On August 29, 2025, shares of cybersecurity platform provider CrowdStrike (NASDAQ:CRWD) fell 4% in the afternoon session as the broader market pulled back, with the decline concentrated in the tech space. This was due to investors engaging in profit-taking following a robust week that saw the S&P 500 hit a new record.
Adding to the pressure, new inflation data, specifically the Core PCE, showed an acceleration in July, signaling that rising prices remain a risk despite being in line with expectations. This confluence of factors, including market highs heading into a historically weak September, led to a pullback, with the Nasdaq Composite shedding 1.15%.
While the Federal Reserve has hinted at potential rate cuts, the focus on inflation and the jobs market continues to influence investor sentiment. CrowdStrike's shares closed the day at $423.77, down 4.1% from the previous close.
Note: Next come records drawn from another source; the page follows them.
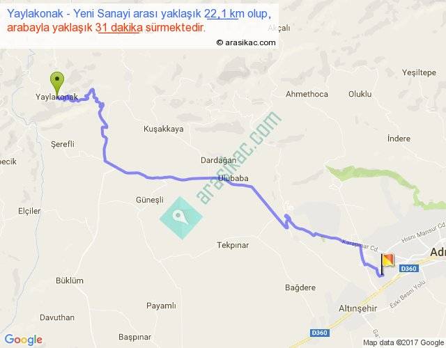 Yaylakonak - Yeni Sanayi arası yaklaşık olarak 90 km/h ile yukarıda belirtilen sürede olup, iki yerin kuş uçuşu uzaklığı (mesafesi) 16'dir. Yolculuk otobüsle 40 dakika sürmektedir.
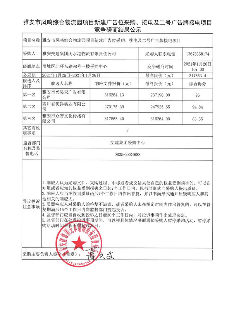 雅安交建集團(tuán)無水港物流有限責(zé)任公司雅安市鳳鳴綜合物流園項(xiàng)目新建廣告位采購、接電及二號(hào)廣告牌接電項(xiàng)目競(jìng)爭(zhēng)磋商結(jié)果公示
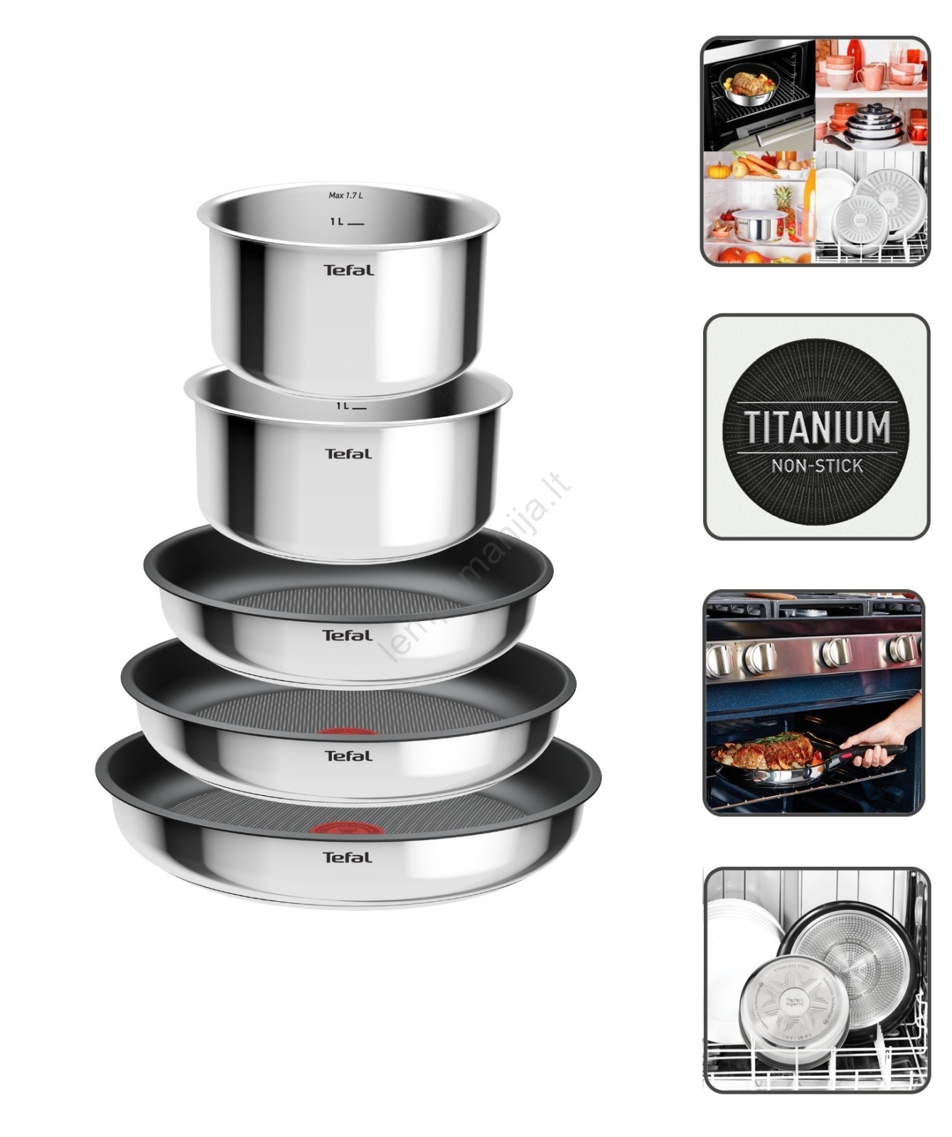 Tefal - 6 dalių INGENIO COOK nerūdijančio plieno indų rinkinys
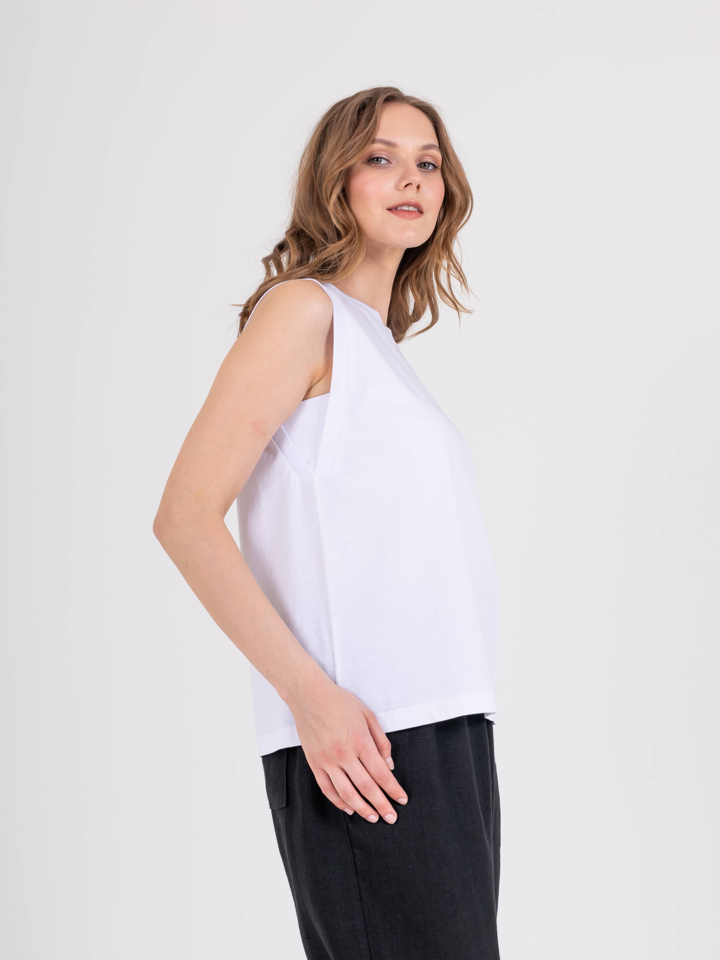 Нежный топ средней длины прямого силуэта из легкого 100% хлопка, с углубленной проймой и вставками. Круглый вырез горловины.
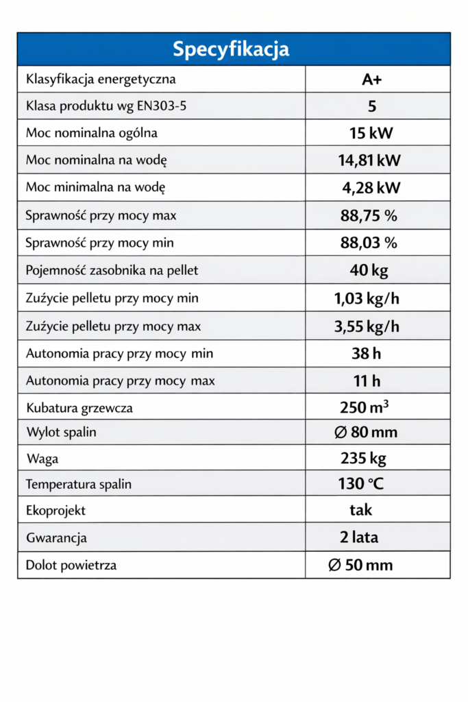Commo Compact 15 to kocioł dla osób, które nie chcą przepłacać ani komplikować sobie życia. Minimum elektroniki, maksimum praktyczności – to właśnie siła prostych rozwiązań.

Despite the stock market volatility, CrowdStrike's performance remains strong. The cybersecurity firm surpassed analyst estimates for the second quarter, reporting revenue of $1.17 billion and adjusted earnings of $0.93 per share. The company's revenue guidance for the next quarter came in slightly below consensus estimates, but investors were instead focusing on positive metrics, such as the 20.6% year-over-year growth in Annual Recurring Revenue (ARR) to $4.66 billion and a 4.6% increase in the company's full-year adjusted earnings guidance.